● About this task:
The output must match the entries below exactly, with pictures removed.

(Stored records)
····················

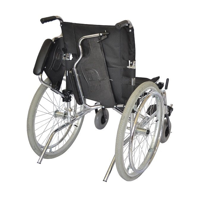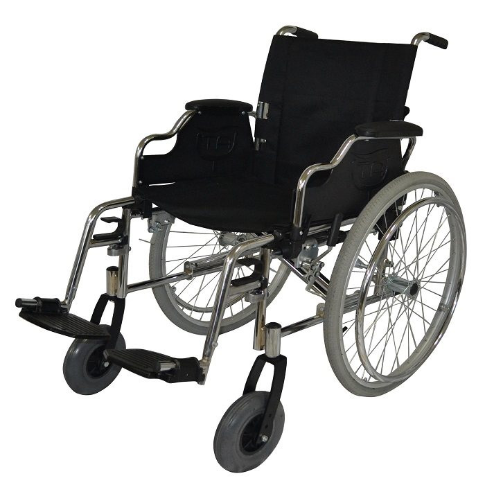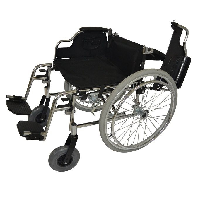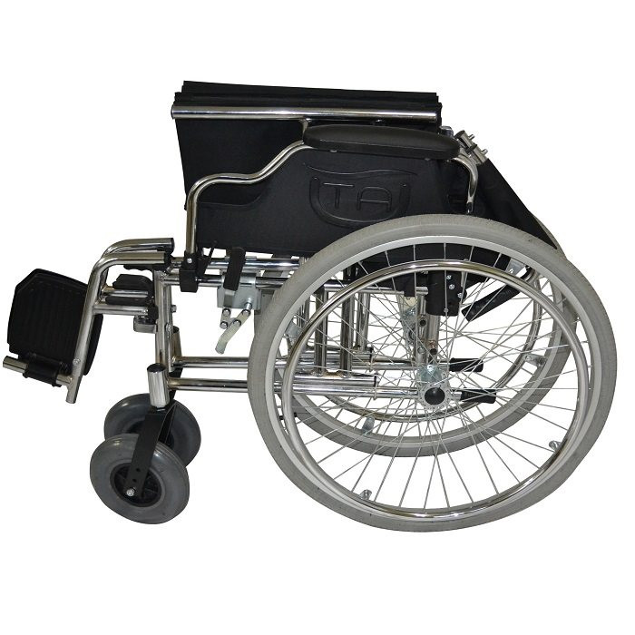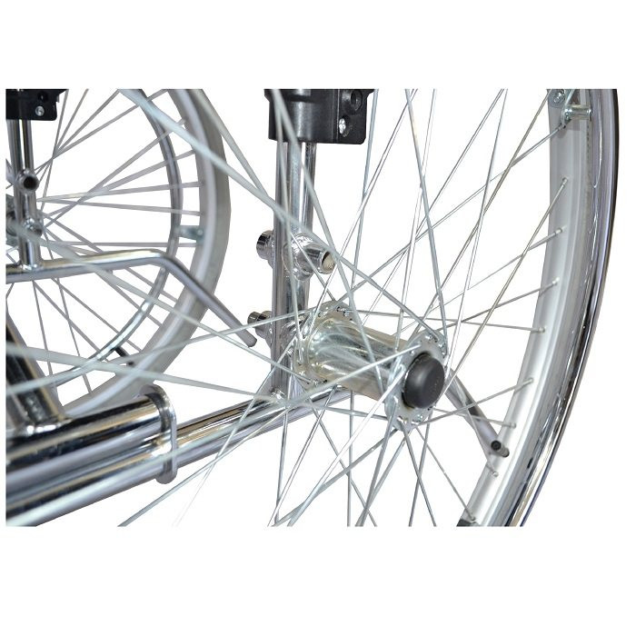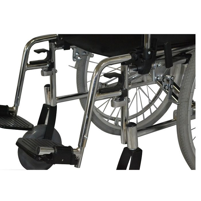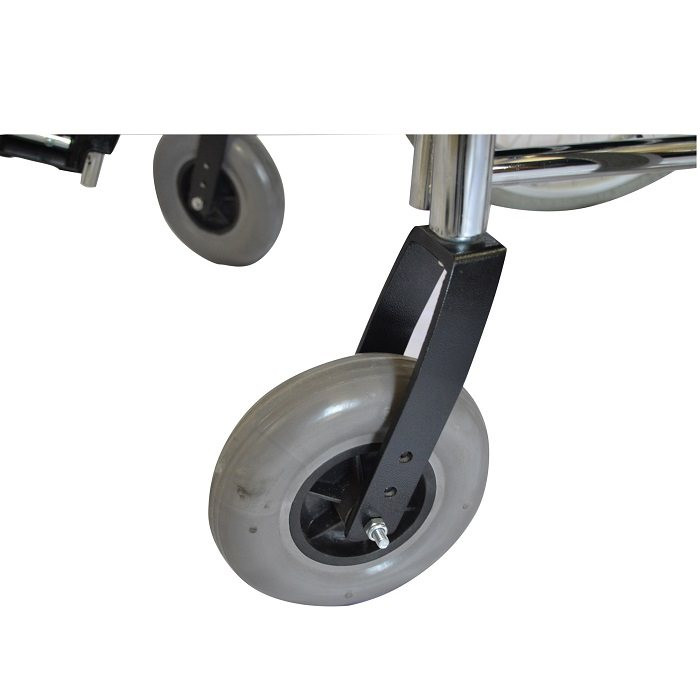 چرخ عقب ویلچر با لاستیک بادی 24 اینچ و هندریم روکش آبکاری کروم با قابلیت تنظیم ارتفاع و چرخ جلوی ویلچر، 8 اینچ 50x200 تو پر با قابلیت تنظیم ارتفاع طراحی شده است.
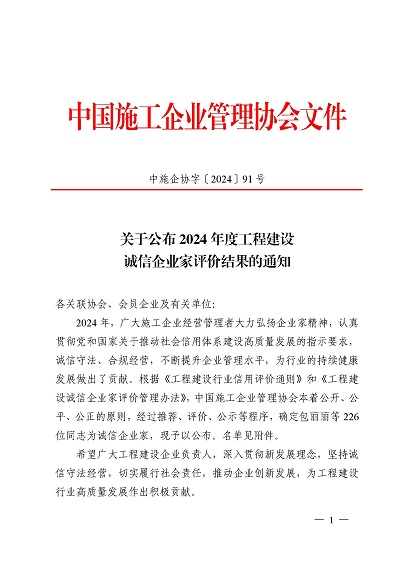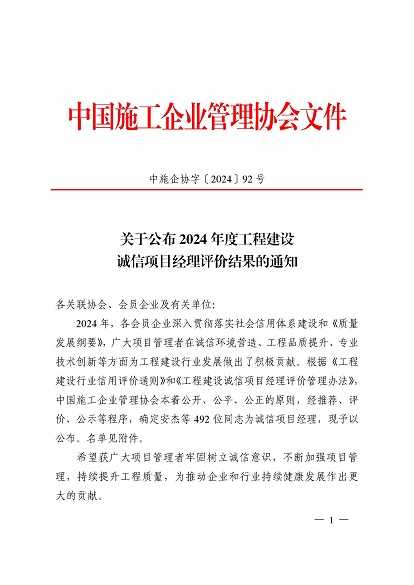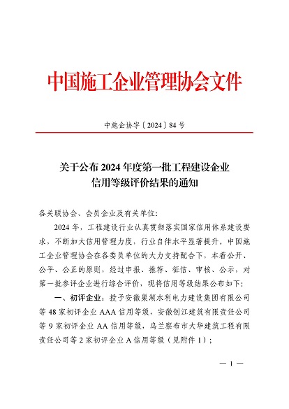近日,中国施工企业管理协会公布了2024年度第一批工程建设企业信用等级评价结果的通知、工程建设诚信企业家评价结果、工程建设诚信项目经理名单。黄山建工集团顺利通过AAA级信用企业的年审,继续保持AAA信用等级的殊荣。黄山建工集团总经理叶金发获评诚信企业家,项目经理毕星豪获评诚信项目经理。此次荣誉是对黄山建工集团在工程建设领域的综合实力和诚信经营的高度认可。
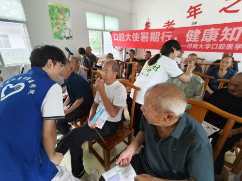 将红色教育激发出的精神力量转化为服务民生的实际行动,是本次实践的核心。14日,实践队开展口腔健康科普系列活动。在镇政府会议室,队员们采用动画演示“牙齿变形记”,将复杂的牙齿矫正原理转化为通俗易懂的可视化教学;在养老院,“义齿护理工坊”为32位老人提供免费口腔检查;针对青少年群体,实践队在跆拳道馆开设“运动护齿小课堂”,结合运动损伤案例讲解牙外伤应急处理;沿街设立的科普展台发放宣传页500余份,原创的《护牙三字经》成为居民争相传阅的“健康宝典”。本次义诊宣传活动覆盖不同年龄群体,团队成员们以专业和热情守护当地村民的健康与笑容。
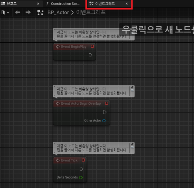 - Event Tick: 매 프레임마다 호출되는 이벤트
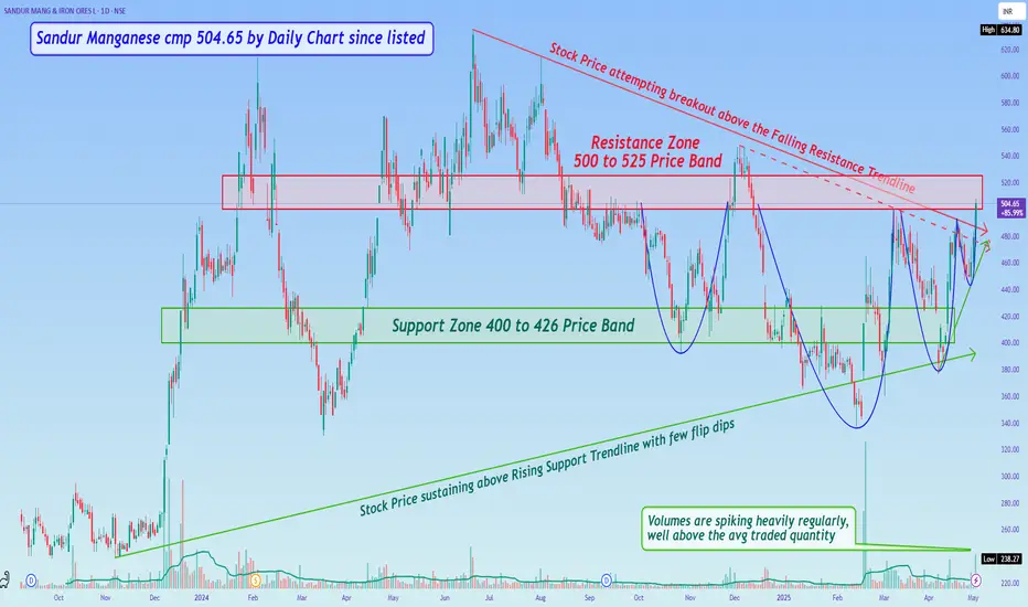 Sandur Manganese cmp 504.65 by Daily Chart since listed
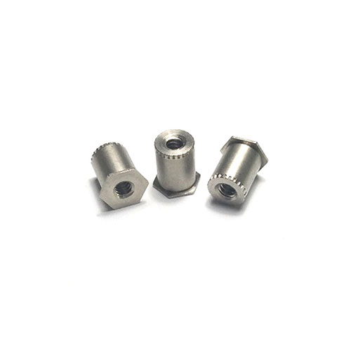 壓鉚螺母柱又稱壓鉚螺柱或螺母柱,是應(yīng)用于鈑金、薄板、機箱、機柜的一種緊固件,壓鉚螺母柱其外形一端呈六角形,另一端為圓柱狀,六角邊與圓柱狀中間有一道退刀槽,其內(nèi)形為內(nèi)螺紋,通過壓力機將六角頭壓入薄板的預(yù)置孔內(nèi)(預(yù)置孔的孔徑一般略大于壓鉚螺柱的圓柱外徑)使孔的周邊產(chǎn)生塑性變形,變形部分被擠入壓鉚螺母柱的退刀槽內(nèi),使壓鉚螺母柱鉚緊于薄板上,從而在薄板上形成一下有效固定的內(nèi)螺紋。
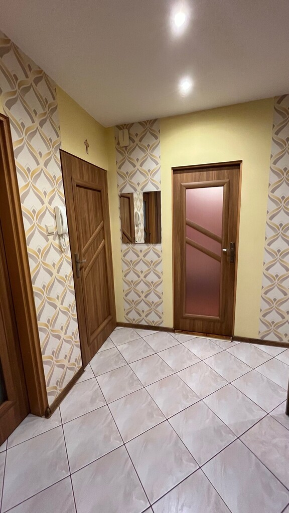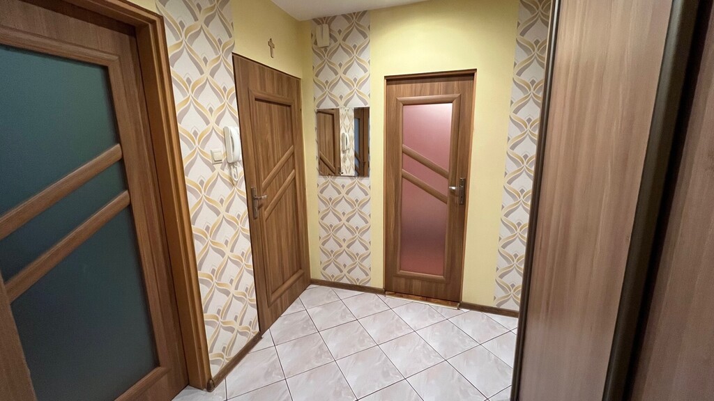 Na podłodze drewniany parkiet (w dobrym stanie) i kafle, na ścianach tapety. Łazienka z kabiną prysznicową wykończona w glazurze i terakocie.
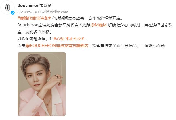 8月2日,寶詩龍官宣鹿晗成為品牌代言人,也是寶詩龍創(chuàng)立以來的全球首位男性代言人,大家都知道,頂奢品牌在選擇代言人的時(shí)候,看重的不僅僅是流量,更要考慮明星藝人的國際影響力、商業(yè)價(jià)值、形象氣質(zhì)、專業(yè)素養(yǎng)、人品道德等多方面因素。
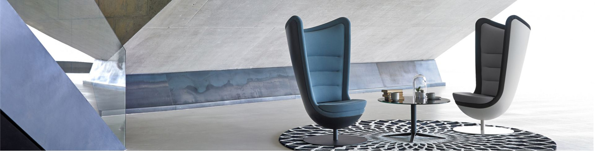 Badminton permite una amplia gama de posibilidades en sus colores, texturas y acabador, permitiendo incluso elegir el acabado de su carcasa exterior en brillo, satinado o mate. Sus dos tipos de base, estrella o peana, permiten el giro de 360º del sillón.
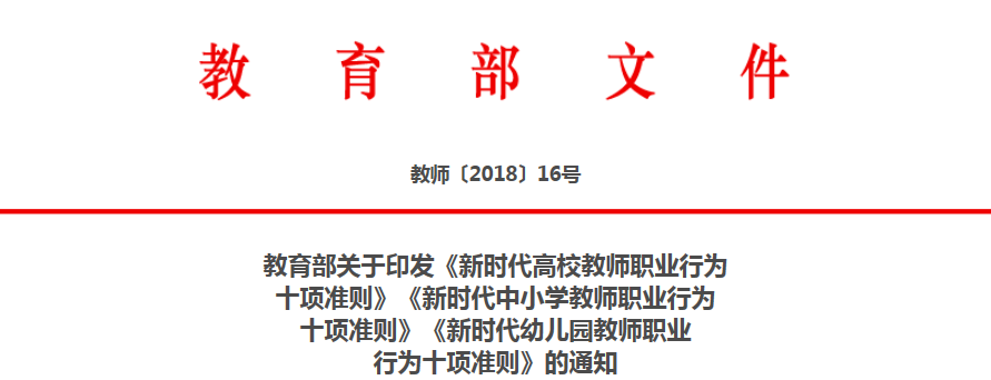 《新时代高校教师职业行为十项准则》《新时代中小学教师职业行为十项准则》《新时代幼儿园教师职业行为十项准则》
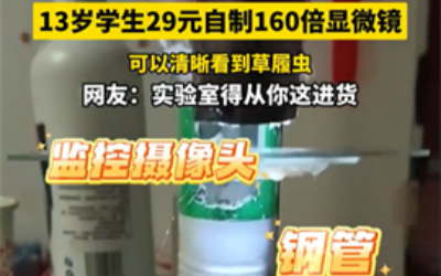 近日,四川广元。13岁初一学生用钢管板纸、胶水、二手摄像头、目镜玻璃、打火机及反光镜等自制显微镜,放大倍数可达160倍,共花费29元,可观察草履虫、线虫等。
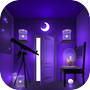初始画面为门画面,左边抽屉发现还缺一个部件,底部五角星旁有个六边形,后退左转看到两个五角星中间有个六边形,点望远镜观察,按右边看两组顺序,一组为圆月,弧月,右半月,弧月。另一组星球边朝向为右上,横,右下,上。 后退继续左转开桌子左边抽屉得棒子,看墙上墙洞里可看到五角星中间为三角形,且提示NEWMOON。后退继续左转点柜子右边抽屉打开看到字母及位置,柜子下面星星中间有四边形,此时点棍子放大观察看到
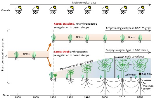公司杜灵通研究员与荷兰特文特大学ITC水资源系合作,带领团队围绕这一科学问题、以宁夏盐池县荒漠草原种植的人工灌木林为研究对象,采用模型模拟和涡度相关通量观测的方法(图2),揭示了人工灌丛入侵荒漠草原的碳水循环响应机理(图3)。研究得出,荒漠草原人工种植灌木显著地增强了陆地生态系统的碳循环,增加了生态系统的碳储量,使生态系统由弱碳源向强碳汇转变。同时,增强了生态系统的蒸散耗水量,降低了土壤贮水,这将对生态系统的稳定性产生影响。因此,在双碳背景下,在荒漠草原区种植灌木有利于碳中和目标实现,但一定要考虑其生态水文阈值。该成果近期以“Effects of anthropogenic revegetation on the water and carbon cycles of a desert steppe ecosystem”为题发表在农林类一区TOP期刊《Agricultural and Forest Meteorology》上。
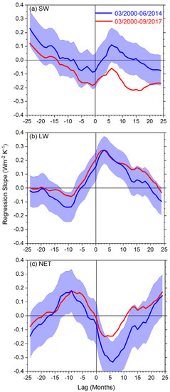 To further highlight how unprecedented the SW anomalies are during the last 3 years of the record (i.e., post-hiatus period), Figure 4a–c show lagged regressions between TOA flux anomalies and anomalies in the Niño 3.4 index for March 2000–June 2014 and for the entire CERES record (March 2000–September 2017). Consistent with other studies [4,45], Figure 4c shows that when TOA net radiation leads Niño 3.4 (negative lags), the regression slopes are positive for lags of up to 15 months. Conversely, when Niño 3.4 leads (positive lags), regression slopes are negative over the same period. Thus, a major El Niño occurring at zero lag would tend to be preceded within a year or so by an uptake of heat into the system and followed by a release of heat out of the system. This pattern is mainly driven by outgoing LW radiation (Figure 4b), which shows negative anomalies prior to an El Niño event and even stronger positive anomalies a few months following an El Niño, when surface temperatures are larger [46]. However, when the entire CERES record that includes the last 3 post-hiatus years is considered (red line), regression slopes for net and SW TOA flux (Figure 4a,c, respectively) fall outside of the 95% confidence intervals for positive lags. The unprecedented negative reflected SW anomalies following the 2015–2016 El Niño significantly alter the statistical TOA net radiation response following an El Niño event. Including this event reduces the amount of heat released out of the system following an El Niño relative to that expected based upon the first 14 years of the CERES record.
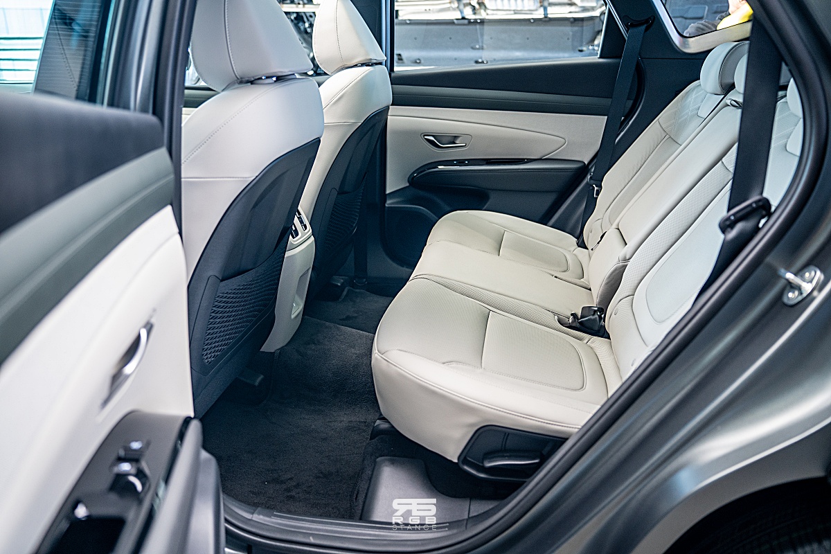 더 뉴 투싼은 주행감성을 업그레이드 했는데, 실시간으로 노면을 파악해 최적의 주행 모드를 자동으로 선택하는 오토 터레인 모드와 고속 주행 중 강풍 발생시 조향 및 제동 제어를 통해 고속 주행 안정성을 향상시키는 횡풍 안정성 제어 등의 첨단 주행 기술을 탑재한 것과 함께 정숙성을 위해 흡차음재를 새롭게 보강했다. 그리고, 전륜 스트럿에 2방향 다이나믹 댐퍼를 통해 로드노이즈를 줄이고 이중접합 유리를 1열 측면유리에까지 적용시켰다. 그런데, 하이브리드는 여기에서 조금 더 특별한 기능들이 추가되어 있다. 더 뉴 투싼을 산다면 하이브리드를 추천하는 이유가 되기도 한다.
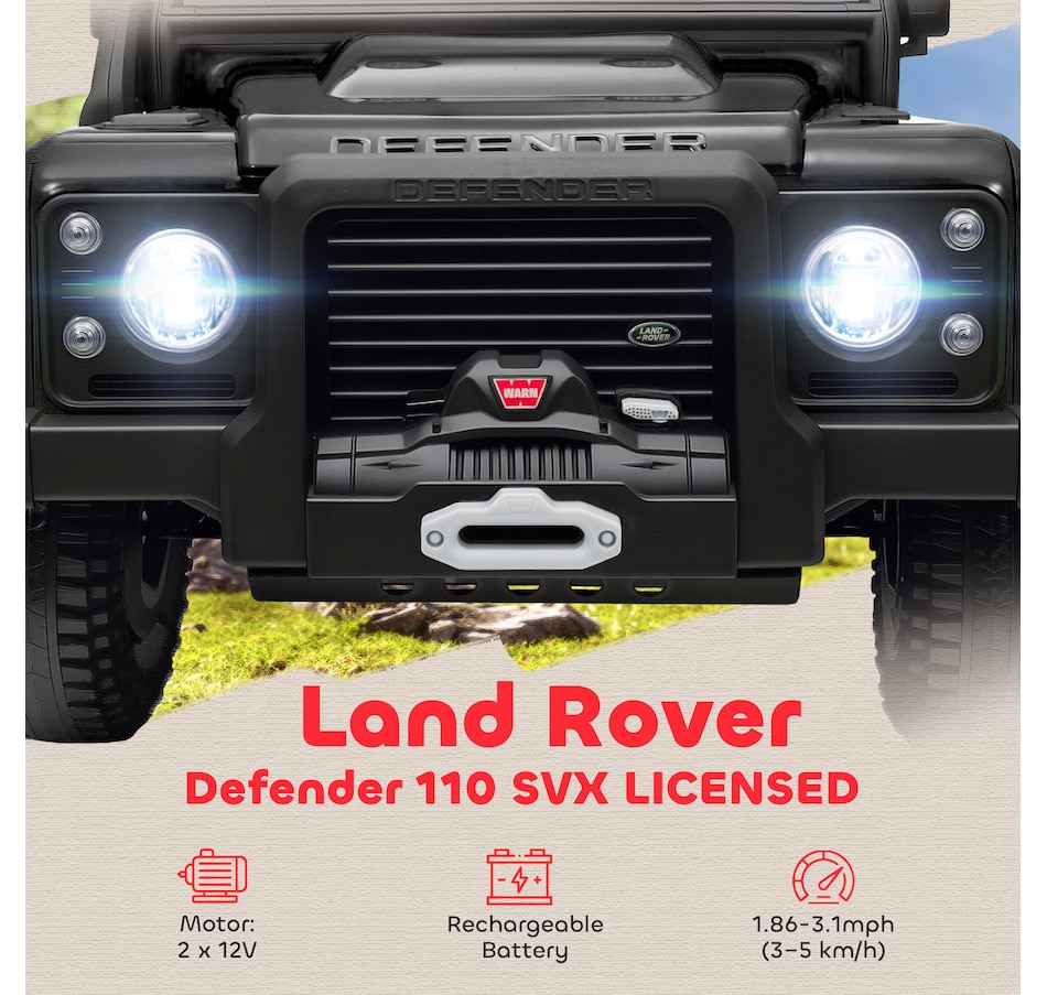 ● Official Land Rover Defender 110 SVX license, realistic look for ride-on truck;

····················

● Response area:
 چرخ عقب ویلچر با لاستیک بادی 24 اینچ و هندریم روکش آبکاری کروم با قابلیت تنظیم ارتفاع و چرخ جلوی ویلچر، 8 اینچ 50x200 تو پر با قابلیت تنظیم ارتفاع طراحی شده است.
近日,中国施工企业管理协会公布了2024年度第一批工程建设企业信用等级评价结果的通知、工程建设诚信企业家评价结果、工程建设诚信项目经理名单。黄山建工集团顺利通过AAA级信用企业的年审,继续保持AAA信用等级的殊荣。黄山建工集团总经理叶金发获评诚信企业家,项目经理毕星豪获评诚信项目经理。此次荣誉是对黄山建工集团在工程建设领域的综合实力和诚信经营的高度认可。
 将红色教育激发出的精神力量转化为服务民生的实际行动,是本次实践的核心。14日,实践队开展口腔健康科普系列活动。在镇政府会议室,队员们采用动画演示“牙齿变形记”,将复杂的牙齿矫正原理转化为通俗易懂的可视化教学;在养老院,“义齿护理工坊”为32位老人提供免费口腔检查;针对青少年群体,实践队在跆拳道馆开设“运动护齿小课堂”,结合运动损伤案例讲解牙外伤应急处理;沿街设立的科普展台发放宣传页500余份,原创的《护牙三字经》成为居民争相传阅的“健康宝典”。本次义诊宣传活动覆盖不同年龄群体,团队成员们以专业和热情守护当地村民的健康与笑容。
 - Event Tick: 매 프레임마다 호출되는 이벤트
 Sandur Manganese cmp 504.65 by Daily Chart since listed
 壓鉚螺母柱又稱壓鉚螺柱或螺母柱,是應(yīng)用于鈑金、薄板、機箱、機柜的一種緊固件,壓鉚螺母柱其外形一端呈六角形,另一端為圓柱狀,六角邊與圓柱狀中間有一道退刀槽,其內(nèi)形為內(nèi)螺紋,通過壓力機將六角頭壓入薄板的預(yù)置孔內(nèi)(預(yù)置孔的孔徑一般略大于壓鉚螺柱的圓柱外徑)使孔的周邊產(chǎn)生塑性變形,變形部分被擠入壓鉚螺母柱的退刀槽內(nèi),使壓鉚螺母柱鉚緊于薄板上,從而在薄板上形成一下有效固定的內(nèi)螺紋。
 Na podłodze drewniany parkiet (w dobrym stanie) i kafle, na ścianach tapety. Łazienka z kabiną prysznicową wykończona w glazurze i terakocie.
 8月2日,寶詩龍官宣鹿晗成為品牌代言人,也是寶詩龍創(chuàng)立以來的全球首位男性代言人,大家都知道,頂奢品牌在選擇代言人的時(shí)候,看重的不僅僅是流量,更要考慮明星藝人的國際影響力、商業(yè)價(jià)值、形象氣質(zhì)、專業(yè)素養(yǎng)、人品道德等多方面因素。
 Badminton permite una amplia gama de posibilidades en sus colores, texturas y acabador, permitiendo incluso elegir el acabado de su carcasa exterior en brillo, satinado o mate. Sus dos tipos de base, estrella o peana, permiten el giro de 360º del sillón.
 《新时代高校教师职业行为十项准则》《新时代中小学教师职业行为十项准则》《新时代幼儿园教师职业行为十项准则》
 近日,四川广元。13岁初一学生用钢管板纸、胶水、二手摄像头、目镜玻璃、打火机及反光镜等自制显微镜,放大倍数可达160倍,共花费29元,可观察草履虫、线虫等。
初始画面为门画面,左边抽屉发现还缺一个部件,底部五角星旁有个六边形,后退左转看到两个五角星中间有个六边形,点望远镜观察,按右边看两组顺序,一组为圆月,弧月,右半月,弧月。另一组星球边朝向为右上,横,右下,上。 后退继续左转开桌子左边抽屉得棒子,看墙上墙洞里可看到五角星中间为三角形,且提示NEWMOON。后退继续左转点柜子右边抽屉打开看到字母及位置,柜子下面星星中间有四边形,此时点棍子放大观察看到
公司杜灵通研究员与荷兰特文特大学ITC水资源系合作,带领团队围绕这一科学问题、以宁夏盐池县荒漠草原种植的人工灌木林为研究对象,采用模型模拟和涡度相关通量观测的方法(图2),揭示了人工灌丛入侵荒漠草原的碳水循环响应机理(图3)。研究得出,荒漠草原人工种植灌木显著地增强了陆地生态系统的碳循环,增加了生态系统的碳储量,使生态系统由弱碳源向强碳汇转变。同时,增强了生态系统的蒸散耗水量,降低了土壤贮水,这将对生态系统的稳定性产生影响。因此,在双碳背景下,在荒漠草原区种植灌木有利于碳中和目标实现,但一定要考虑其生态水文阈值。该成果近期以“Effects of anthropogenic revegetation on the water and carbon cycles of a desert steppe ecosystem”为题发表在农林类一区TOP期刊《Agricultural and Forest Meteorology》上。
 To further highlight how unprecedented the SW anomalies are during the last 3 years of the record (i.e., post-hiatus period), Figure 4a–c show lagged regressions between TOA flux anomalies and anomalies in the Niño 3.4 index for March 2000–June 2014 and for the entire CERES record (March 2000–September 2017). Consistent with other studies [4,45], Figure 4c shows that when TOA net radiation leads Niño 3.4 (negative lags), the regression slopes are positive for lags of up to 15 months. Conversely, when Niño 3.4 leads (positive lags), regression slopes are negative over the same period. Thus, a major El Niño occurring at zero lag would tend to be preceded within a year or so by an uptake of heat into the system and followed by a release of heat out of the system. This pattern is mainly driven by outgoing LW radiation (Figure 4b), which shows negative anomalies prior to an El Niño event and even stronger positive anomalies a few months following an El Niño, when surface temperatures are larger [46]. However, when the entire CERES record that includes the last 3 post-hiatus years is considered (red line), regression slopes for net and SW TOA flux (Figure 4a,c, respectively) fall outside of the 95% confidence intervals for positive lags. The unprecedented negative reflected SW anomalies following the 2015–2016 El Niño significantly alter the statistical TOA net radiation response following an El Niño event. Including this event reduces the amount of heat released out of the system following an El Niño relative to that expected based upon the first 14 years of the CERES record.
 더 뉴 투싼은 주행감성을 업그레이드 했는데, 실시간으로 노면을 파악해 최적의 주행 모드를 자동으로 선택하는 오토 터레인 모드와 고속 주행 중 강풍 발생시 조향 및 제동 제어를 통해 고속 주행 안정성을 향상시키는 횡풍 안정성 제어 등의 첨단 주행 기술을 탑재한 것과 함께 정숙성을 위해 흡차음재를 새롭게 보강했다. 그리고, 전륜 스트럿에 2방향 다이나믹 댐퍼를 통해 로드노이즈를 줄이고 이중접합 유리를 1열 측면유리에까지 적용시켰다. 그런데, 하이브리드는 여기에서 조금 더 특별한 기능들이 추가되어 있다. 더 뉴 투싼을 산다면 하이브리드를 추천하는 이유가 되기도 한다.
 ● Official Land Rover Defender 110 SVX license, realistic look for ride-on truck;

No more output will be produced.